Effects of parameter setting on capture of database structure fragments
Not unexpectedly, the frequencies of positional hits tend toward maxima in regions of helical secondary structure, and as window_size is decreased the numbers of positional hits tend to increase (Figures 3, 5). Reduction in window_size relaxes constraints on the alignment, and therefore smaller fragments may align more tightly, thereby meeting the distance cutoff. In some regions, the numbers of positional hits do not change significantly with changes in window_size (e.g., peaks up to position 240 and 360-390), indicating that in certain regions there exist conserved structure motifs that are shared only among a specific set of structures. For example, there is observed in the N-terminal regions up to approximately position 140 (Figures 3, 5) a "polymerase baseline", which appears to be structurally unique. This region is external to the catalytic tunnel of the polymerase, and may define structural and functional specificity for polio and related viruses. Window_size 90 produced a polymerase baseline in the C-terminal region as well, although here the positional hit frequency was highly sensitive to window_size. It may be that only window_size 90 (or greater) effectively filtered out non-polymerase structure fragments due to the stringency enforced by context, as it appeared that smaller segments of polio RdRp in this region resembled short segments in distantly related proteins.
We observed considerable diversity among the SCOP families represented by fragments detected at different positions at window_size values less than 90 (N297, H398, H413). This demonstrated a clear filtering of these positional hits as the window_size increased. One must be aware, however, that the two parameters, window_size and distance_cutoff, have an opposing relationship with respect to qualifying a hit: increase in alignment stringency is achieved by increasing window_size, but also by decreasing distance_cutoff. As window_size is decreased, it is necessary to also reduce the distance_cutoff in order to avoid an unacceptable increase in the number of "false positive" (considerably less structurally relevant) fragments captured. We achieved a reasonable selection of window-size/distance-cutoff parameter pairings by examining the relationship between these parameters (Figure 2).

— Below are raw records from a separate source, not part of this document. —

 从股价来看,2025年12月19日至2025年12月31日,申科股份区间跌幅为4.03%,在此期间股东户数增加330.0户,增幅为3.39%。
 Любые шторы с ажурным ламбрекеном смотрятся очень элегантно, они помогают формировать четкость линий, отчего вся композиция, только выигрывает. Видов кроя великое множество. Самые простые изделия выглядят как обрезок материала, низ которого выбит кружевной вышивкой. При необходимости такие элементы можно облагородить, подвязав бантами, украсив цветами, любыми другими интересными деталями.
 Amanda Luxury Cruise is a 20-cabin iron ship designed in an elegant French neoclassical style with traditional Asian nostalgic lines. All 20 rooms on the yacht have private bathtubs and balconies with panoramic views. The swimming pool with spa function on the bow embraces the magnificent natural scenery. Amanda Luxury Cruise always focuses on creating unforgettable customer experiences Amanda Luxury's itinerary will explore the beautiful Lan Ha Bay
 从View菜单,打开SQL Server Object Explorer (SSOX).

The apparent (perhaps unexpected) decrease in the numbers of non-e.8 structure fragments captured by window 50 compared to window 70 at positions N297 and H398 (Table 3 "Other" column) are explained by the high-stringency filtering achieved by the distance cutoff 2.5 Å applied at window 50. Thus, it is desirable to strike a balance between window size and distance cutoff. Small window_size values are useful for capturing shorter fragments, but to ensure that the result set is not populated by spurious hits corresponding to ubiquitous secondary structure elements (e.g., alpha helix), one must apply added stringency at the level of distance_cutoff. Smaller window_size values are appropriate when the user is interested in focusing the analysis on a relatively small structure motif, which may occur with or without the surrounding structural context in the reference structure. In capturing these smaller structure fragments, one is cautioned to enforce tighter alignments in order to assure that the resulting qualified hits are relevant to the study.

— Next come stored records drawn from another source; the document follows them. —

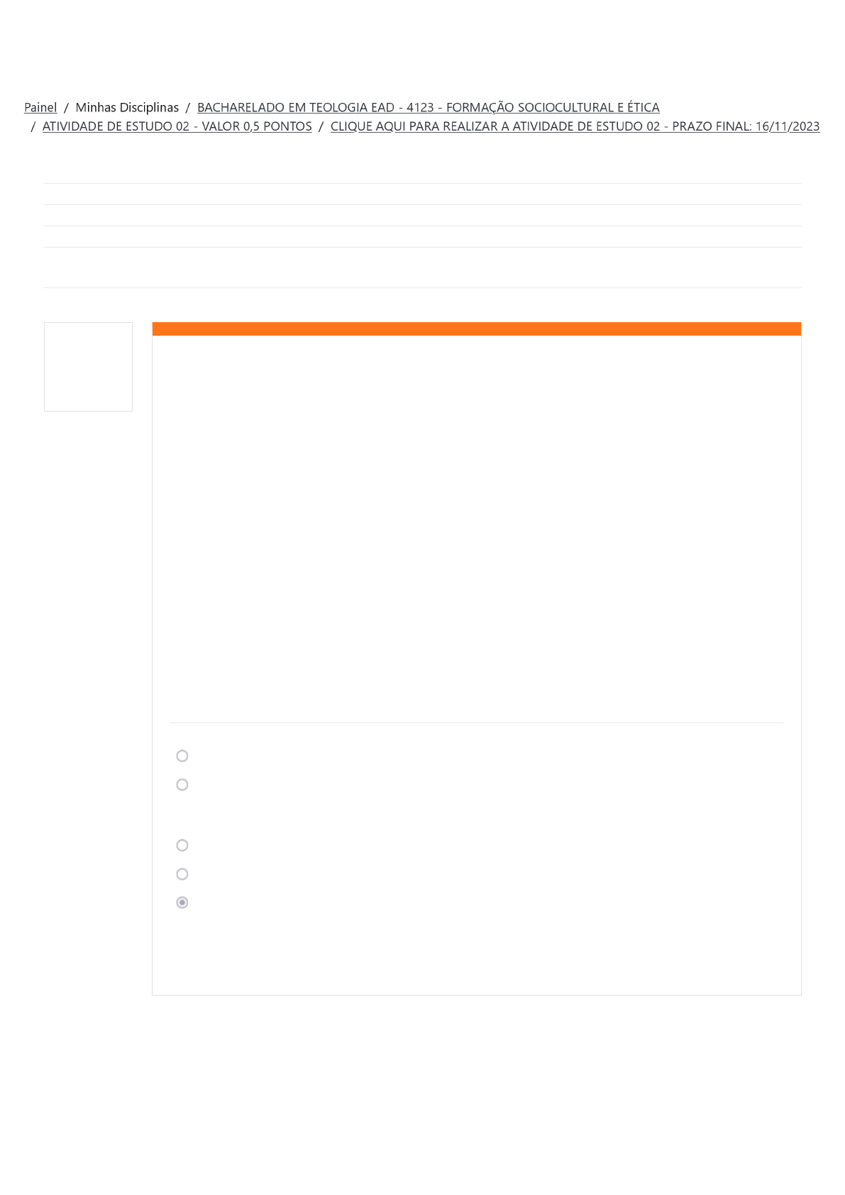 Questão 1 Completo Atingiu 0,00 de 0,05 Iniciado em segunda, 9 out 2023, 19:21 Estado Finalizada Concluída em segunda, 9 out 2023, 19:52 Tempo empregado 30 minutos 54 segundos Avaliar 0,35 de um máximo de 0,50(70%) Leia atentamente as sentenças abaixo sobre a Descoberta da América e o primeiro contato com os índios. I - O desenvolvimento cultural e comercial da Europa levou em 12 de Outubro de 1492, a descoberta da América pelo explorador Genovês Cristóvão Colombo que navegava representando os reis Fernando de Aragão e Isabel de Castela, região que posteriormente passa a se intitular “Espanha”. II - Colombo iniciou a exploração do território descoberto por ele e colocou o nome de São Salvador assim que pisou em nosso continente. III – Uma visão eurocêntrica se reflete no desprezo pelo nativo aqui existente e se reflete no próprio nome que foi adotado e que repetimos até hoje, ou seja, os chamamos de Índios, mesmo não sendo moradores das Índias. Assinale a única alternativa correta: a. As sentenças I, II III estão corretas. b. Somente a II está correta. c. Somente a III está correta. d. Somente a I está correta. e. Somente a I e II estão corretas. Sua resposta está incorreta. Questão 2 Completo Atingiu 0,05 de 0,05 "O sertanejo é, antes de tudo, um forte. Não tem o raquitismo exaustivo dos mestiços neurasténicos do litoral. A sua aparência, entretanto, ao primeiro lance de vista, revela o contrario. Falta-lhe a plástica impecável, o desempenho, a estrutura corretíssima das organizações atléticas. É desgracioso, desengonçado, torto. Hércules Quasímodo, reflete o aspecto, a lealdade típica dos fracos. Agrava-o a postura normalmente abatida, num manifestar de displicência que lhe dá um caráter de humildade deprimente.(...) É o homem permanentemente fatigado" (Euclides da Cunha. Os sertões. 1982, p. 47). Sobre o trecho do Os sertões, podemos considerar que estão corretas as afirmações: I - Há implícito no discurso de Euclides da Cunha um certo determinismo geográfico. II - O sertanejo não encontra dificuldades de se adaptar ao meio em que vive. III - Há uma contradição entre a aparência física e a capacidade de adaptação ao meio que é característica do sertanejo. IV - Os aspectos físicos do sertanejo são resultado da miscigenação racial incentivada pelo governo republicano no início do século XX. V - Não há relação entre meio geográfico e desenvolvimento corporal. Assinale a alternativa correta: a. II e III b. II, III e IV c. I e II d. III e V e. I e III Sua resposta está correta. Questão 3 Completo Atingiu 0,05 de 0,05 Questão 4 Completo Atingiu 0,00 de 0,05 Leia o trecho da Carta de Pero de Vaz de Caminha: “Ali veríeis galantes, pintados de preto e vermelho, e quartejados, assim pelos corpos como pelas pernas, que, certo, assim pareciam bem. Também andavam entre eles quatro ou cinco mulheres, novas, que assim nuas, não pareciam mal. Entre elas andava uma, com uma coxa, do joelho até o quadril e a nádega, toda tingida daquela tintura preta; e todo o resto da sua cor natural. Outra trazia ambos os joelhos com as curvas assim tintas, e também os colos dos pés; e suas vergonhas tão nuas, e com tanta inocência assim descobertas, que não havia nisso desvergonha nenhuma." O Texto acima demonstra: a. Os aspectos importantes da cultura indígena, como a pintura corporal e a nudez que para Caminha é algo chamado por ele de “inocência”. b. O primeiro contato com os índios no Brasil e o interesse em conhecer a importante cultura dos nativos. c. A vergonha dos portugueses em estar ao lado de índios nús e pervertidos. d. A maquiagem usada pelos índios que iriam ser a base para as mulheres europeias. e. O interesse dos marinheiros portugueses nas índias nuas que não pareciam mal. Sua resposta está correta. Desde o ano de 1991 o Instituto Brasileiro de Geografia e Estatística vem se utilizando das seguintes opções de classificação racial para identificar seus entrevistados: branco, pardo, preto, amarelo e indígena. Dentre as classificações a seguir, analise quais as características que estão incluídas nessa classificação. a. Raciais, de cor e de nacionalidade. b. Raciais e de cor. c. Raciais, de cor, étnicas e de gênero. d. De cor, étnicas e de nacionalidade. e. De cor, étnicas e de gênero. Sua resposta está incorreta. Questão 5 Completo Atingiu 0,05 de 0,05 O determinismo biológico é uma teoria bem antiga e um dos fatores principais e da mesma é afirmar que existem determinadas “raças” que possuem capacidades ou habilidades superiores a outra. Vale ressaltar que esse determinismo é base para o surgimento da xenofobia, ou seja, aversão ao extrangeiro, provocando ainda fatos e atidudes extremas como a praticada por Adolf Hitler e o partido Nazista com os Judeus, ciganos entre outros. O antropologo Roque Laraia chama isso de Senso Comum do Determinismo biológico. Leia as sentenças abaixo e assinale ( V ) para verdadeiro e ( F ) para exemplos de senso comum do Determinismo Biológico. ( ) Os Nórdicos tem uma surioridade intelectual em relação aos negros. ( ) Os judeus são os melhores negociantes do planeta. ( ) Os portugueses são burros em relação aos brasileiros. Assinale a alternativa com a sequência correta: a. V – F – V b. V – F – F c. V – V – V d. F – F – F e. V – V – F Sua resposta está correta. Questão 6 Completo Atingiu 0,05 de 0,05 Questão 7 Completo Atingiu 0,05 de 0,05 Quando Pedro Alvares Cabral chegou ao nosso território em 22 de abril de 1500, existia um número de aproximadamente 100 milhões de índios, e, no Brasil existia cerca de cinco milhões de nativos de várias tribos e de um variado tronco linguístico. Complete a afirmação abaixo com cada tronco linguístico de cada região do período da descoberta. Os ________________ estavam na região litorânea, os ______________ ou tapuias que se situavam na região 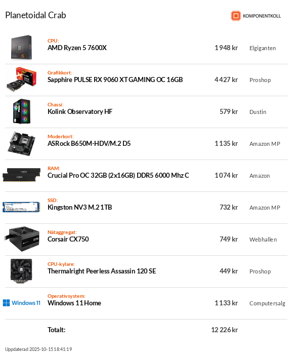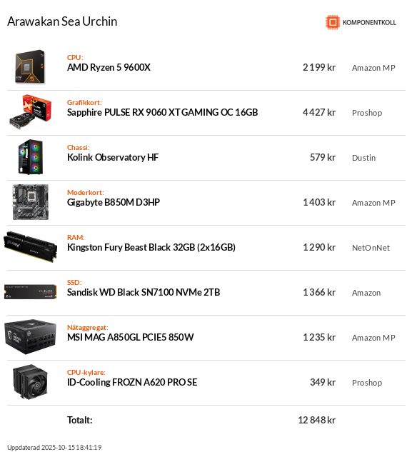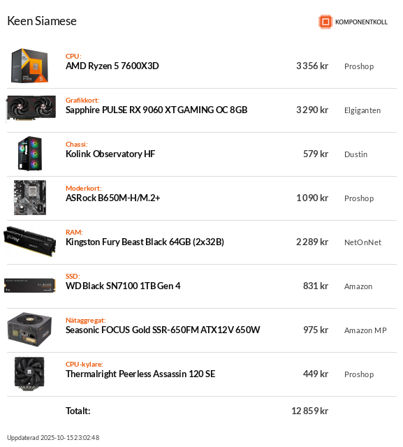 Ser ut som rena superdatorn du har plocka ihop där i budget segmentet! Det ska vara billigt att bygga dator!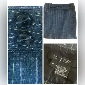 Etcetera Blue Green Striped Pleated Hem Skirt Sz 8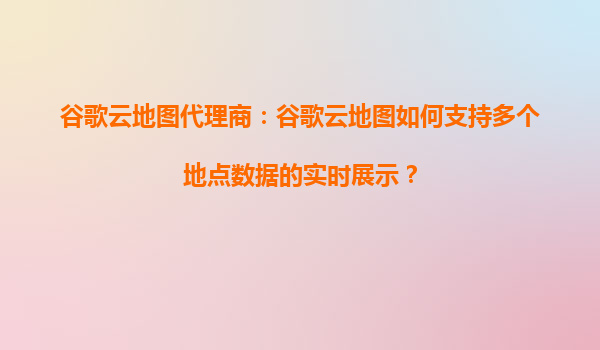 2025-09-06谷歌云地圖代理商:谷歌云地圖如何支持多個(gè)地點(diǎn)數(shù)據(jù)的實(shí)時(shí)展示? 一、實(shí)時(shí)多地點(diǎn)數(shù)據(jù)展示的核心需求 在現(xiàn)代商業(yè)和科技應(yīng)用中,實(shí)時(shí)展示多個(gè)地點(diǎn)數(shù)據(jù)已成為許多行業(yè)的基礎(chǔ)需求。無論是物...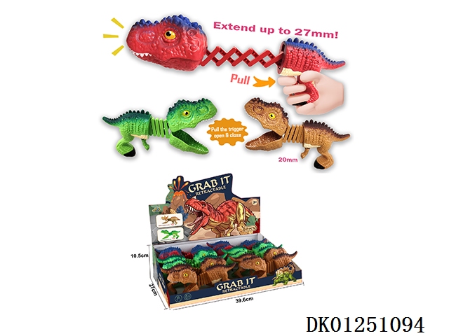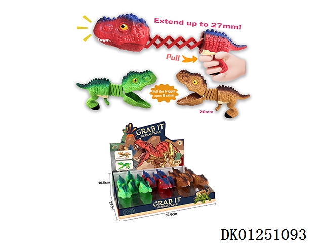 Teeth and finger biting dinosaur (tyrannosaurus rex) spring retractable clamp 12pcs/box

Detection of Sequence Motifs
Regions corresponding to the well-known sequence motifs A-G, characteristic of polymerases, were mapped to the positional hit frequency plot for window size 80 (Figure 5). All categories of polymerase (RdRp, RdDp/RT, DdRp, DdDp) are recognized to contain sequence motifs A-D. Identification of motifs E, F, and G, however, has been somewhat obscured by the greater diversity among sequences assigned to these structure motifs. O'Reilley and Kao  reported motif E as being exclusive to RdDps and RdRps, and motifs F [22, 24] and G  were identified in poliovirus RdRp. Motif F was identified in phi6 , BVDV and HCV , reovirus, phi6, BVDV, HCV, rhinovirus, Norwalk virus, and HIV , and FMDV, RHDV, and HIV1 . A detailed structure-based comparison of these polymerases using StralSV may clarify the assignment of motifs A-G among the polymerase classes.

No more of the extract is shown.